Communication has now become the central science and tool of public health practice (in contrast to the central role of epidemiology in the past). In these times particularly, local public health leaders serve as a credible and trusted voice to address the needs of the public for meaningful, empathetic, consistent, and factual communications. A few questions may be useful:


                                                               i.      As I communicate with others (my staff, my colleagues, local elected officials, and the public), what do they really need to hear? This question contrasts with the frequent mindset which asks “What do I need to say?”

                                                                     ii.      Am I then tailoring communication to meet the specific needs of the audience?

                                                                    iii.      What is the strategic intent of our communication?

                                                                              iv.      How is my communication helping to prepare others for what lies ahead?

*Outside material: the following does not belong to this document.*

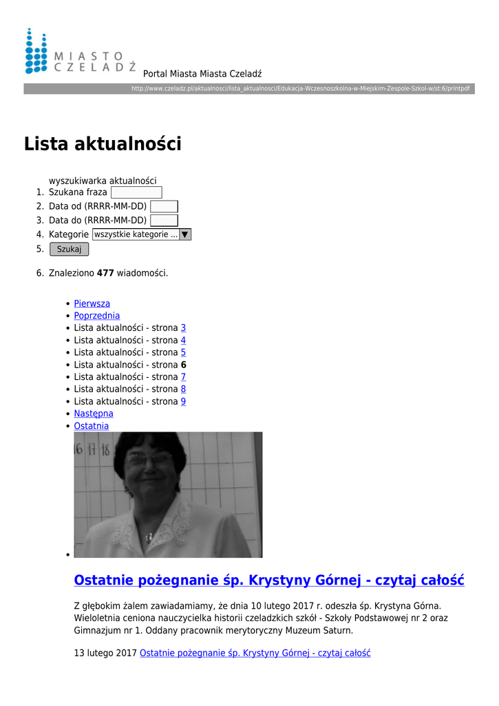 Portal Miasta Miasta Czeladź http://www.czeladz.pl/aktualnosci/lista_aktualnosci/Edukacja-Wczesnoszkolna-w-Miejskim-Zespole-Szkol-w/st:6/printpdf Lista aktualności wyszukiwarka aktualności 1. Szukana fraza 2. Data od (RRRR-MM-DD) 3. Data do (RRRR-MM-DD) 4. Kategorie wszystkie kategorie ... ▼ 5. Szukaj 6. Znaleziono 477 wiadomości. Pierwsza Poprzednia Lista aktualności - strona 3 Lista aktualności - strona 4 Lista aktualności - strona 5 Lista aktualności - strona 6 Lista aktualności - strona 7 Lista aktualności - strona 8 Lista aktualności - strona 9 Następna Ostatnia Ostatnie pożegnanie śp. Krystyny Górnej - czytaj całość Z głębokim żalem zawiadamiamy, że dnia 10 lutego 2017 r. odeszła śp. Krystyna Górna. Wieloletnia ceniona nauczycielka historii czeladzkich szkół - Szkoły Podstawowej nr 2 oraz Gimnazjum nr 1. Oddany pracownik merytoryczny Muzeum Saturn. 13 lutego 2017 Ostatnie pożegnanie śp. Krystyny Górnej - czytaj całość Powiadomienie o jakości powietrza w województwie śląskim - czytaj całość Wojewódzki Inspektorat Ochrony Środowiska informuje o jakości powietrza w województwie śląskim w dniach 09-11.02.2017 r. 10 lutego 2017 Powiadomienie o jakości powietrza w województwie śląskim - czytaj całość Powiadomienie o jakości powietrza w województwie śląskim - czytaj całość Wojewódzki Inspektorat Ochrony Środowiska informuje o jakości powietrza w dniach 08-10.02.2017 r. 09 lutego 2017 Powiadomienie o jakości powietrza w województwie śląskim - czytaj całość Zimowe zajęcia dla dzieci - czytaj całość Miejska Biblioteka Publiczna serdecznie zaprasza dzieci w wieku 4-8 lat na kolejne zajęcia z cyklu Czytanki-niespodzianki pt. Zima u Królowej Śniegu. 09 lutego 2017 Zimowe zajęcia dla dzieci - czytaj całość Powiadomienie o jakości powietrza w województwie śląskim - czytaj całość Wojewódzki Inspektorat Ochrony Środowiska w Katowicach informuje o jakości powietrza w województwie śląskim w dniach 07.02.-09.02.2017 r. 08 lutego 2017 Powiadomienie o jakości powietrza w województwie śląskim - czytaj całość Powiadomienie o jakości powietrza w województwie śląskim - czytaj całość Wojewódzki Inspektorat Ochrony Środowiska w Katowicach informuje o jakości powietrza w województwie śląskim w dniach 05.02.-08.02.2017 r. 07 lutego 2017 Powiadomienie o jakości powietrza w województwie śląskim - czytaj całość Ostrzeżenie meteorologiczne Nr 30 - marznące opady czytaj całość IMGW-PIB Centralne Biuro Prognoz Meteorologicznych w Krakowie ostrzega przed marznącymi opadami. 07 lutego 2017 Ostrzeżenie meteorologiczne Nr 30 - marznące opady - czytaj całość Jubileusze małżeńskie - czytaj całość 3 lutego 2017 roku w Muzeum Saturn 13 par małżeńskich naszego miasta świętowało Złote i Diamentowe Gody. 06 lutego 2017 Jubileusze małżeńskie - czytaj całość Zmiany w ustawie o ochronie przyrody - czytaj całość 1 stycznia 2017 roku zmianie uległy regulacje w ustawie o ochronie przyrody, określające m.in. przepisy dotyczące wydawania zezwoleń na usuwanie drzew i krzewów oraz wskazujące przypadki, które nie wymagają wydawania takich zezwoleń. 06 lutego 2017 Zmiany w ustawie o ochronie przyrody - czytaj całość Bezpłatne czipowanie psów - czytaj całość Miasto Czeladź w 2017 r. nadal prowadzi akcję bezpłatnego czipowania psów. Właściciele czworonogów – mieszkańcy Czeladzi - mogą zgłaszać się do jednego z dwóch wytypowanych gabinetów i przychodni weterynaryjnych na terenie miasta. 06 lutego 2017 Bezpłatne czipowanie psów - czytaj całość Pierwsza Poprzednia Lista aktualności - strona 3 Lista aktualności - strona 4 Lista aktualności - strona 5 Lista aktualności - strona 6 Lista aktualności - strona 7 Lista aktualności - strona 8 Lista aktualności - strona 9 Następna Ostatnia
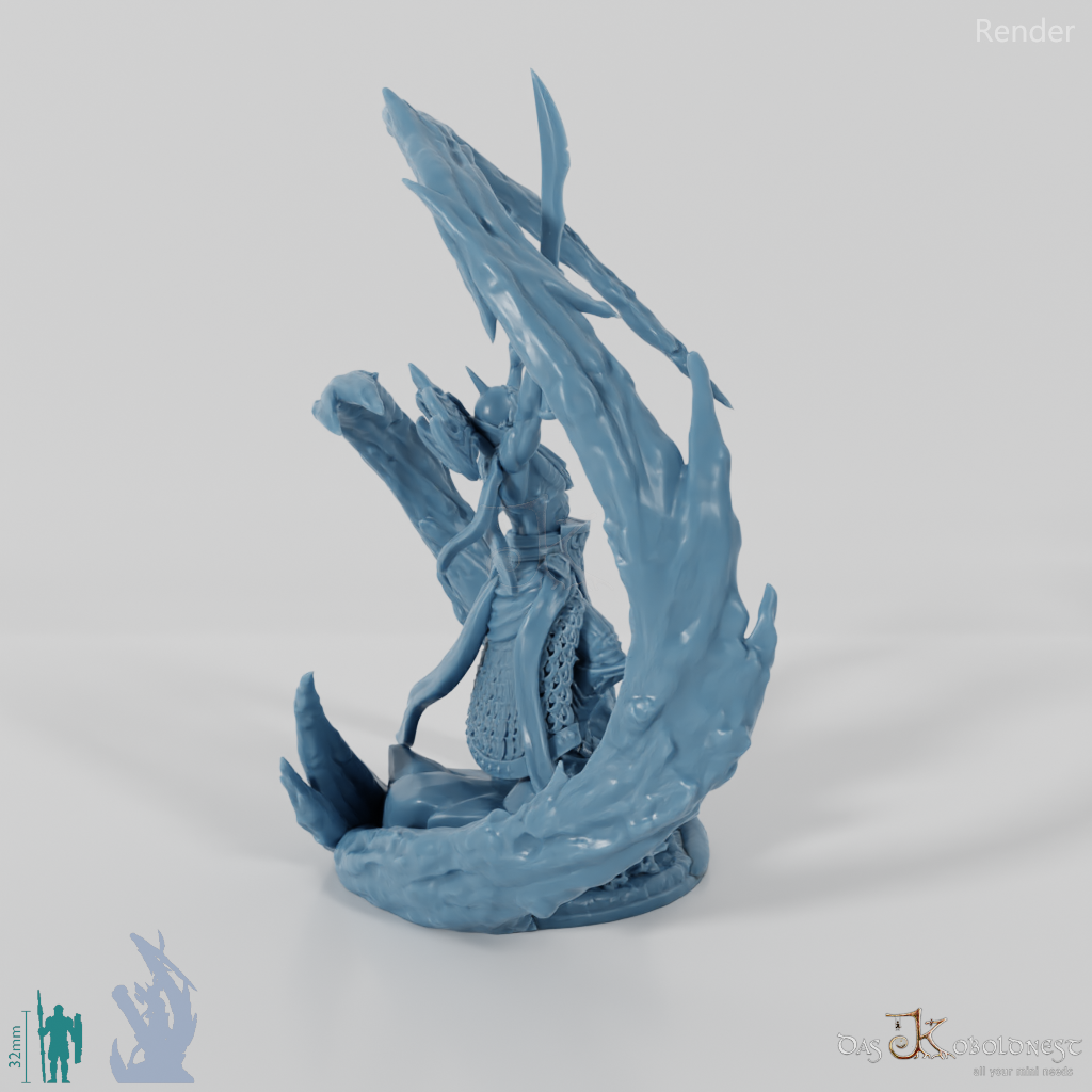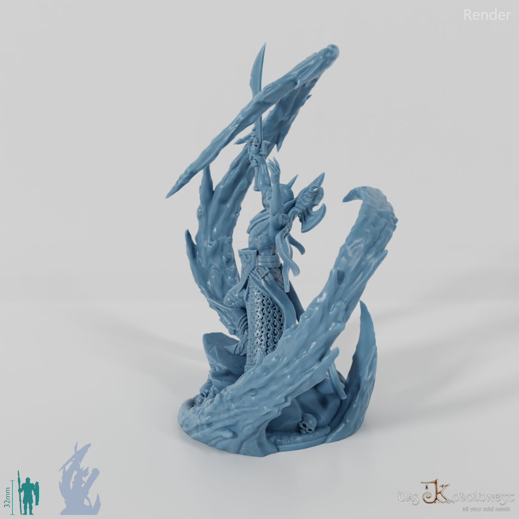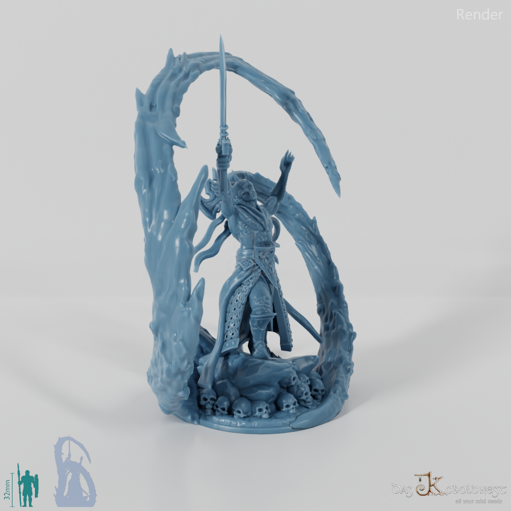 Heerführer mit freiem Oberkörper und Helm, der auf einem von Schädeln umgebenen Felsen steht und mit erhobenem Schwert eindrucksvolle Blutmagie wirkt. Modell steht auf szenischer 32 mm-Rundbase.

In public health emergencies, the collective energy of the public health workforce (along with that of the healthcare workforce) will be drained and stretched to the limit. We are seeing this in COVID-19 across the US. As a result, public health leaders will be called on to monitor their own energy level and that of team members. The current situation appears to be “more of a marathon than a sprint”. In light of that challenge, public health leaders may want to ask a few questions. It is highly suggested that part of doing so requires the leader to separate out issues into 3 categories: 1) “must do”, 2) “good to do” and 3) “nice to do.”

A few questions related to energy preservation include:

                                                           i.      To what extend am I focusing the finite energy of my team on those “must do” priorities in a daily morning meeting to assemble and plan together?

                                                                ii.      In what ways am I modeling self-care and encouraging others to do so?

                                                               iii.      What systems are in place to monitor burnout and other signs of energy depletion and then to act accordingly?


                                                             iv.      To what extent are we reaching out to those with expertise and experience in dealing with public health crises to supplement staff capacity?


The crucial work of public health is generally conducted in the shadows. The COVID-19 crisis thrusts that work and the public health leaders that guide it into the full light of day. Leaders face increased risks with heightened exposure. But with increased risk comes increased opportunity. By using above practical recommendations on better situational awareness, wise decision making, improved communications and optimal energy management, public health leaders have an opportunity as rarely before to prevent disease and save lives. Adaptive leadership is recommended to be put into practice by public health leaders in rural and urban US during current pandemic.


1. (2009) The Practice of Adaptive Leadership: Tools and Tactics for Changing Your Organization and the World. Ronald Abadian Heifetz, Ronald Heifetz, Alexander Grashow, Martin Linsky. Harvard Business Press, USA.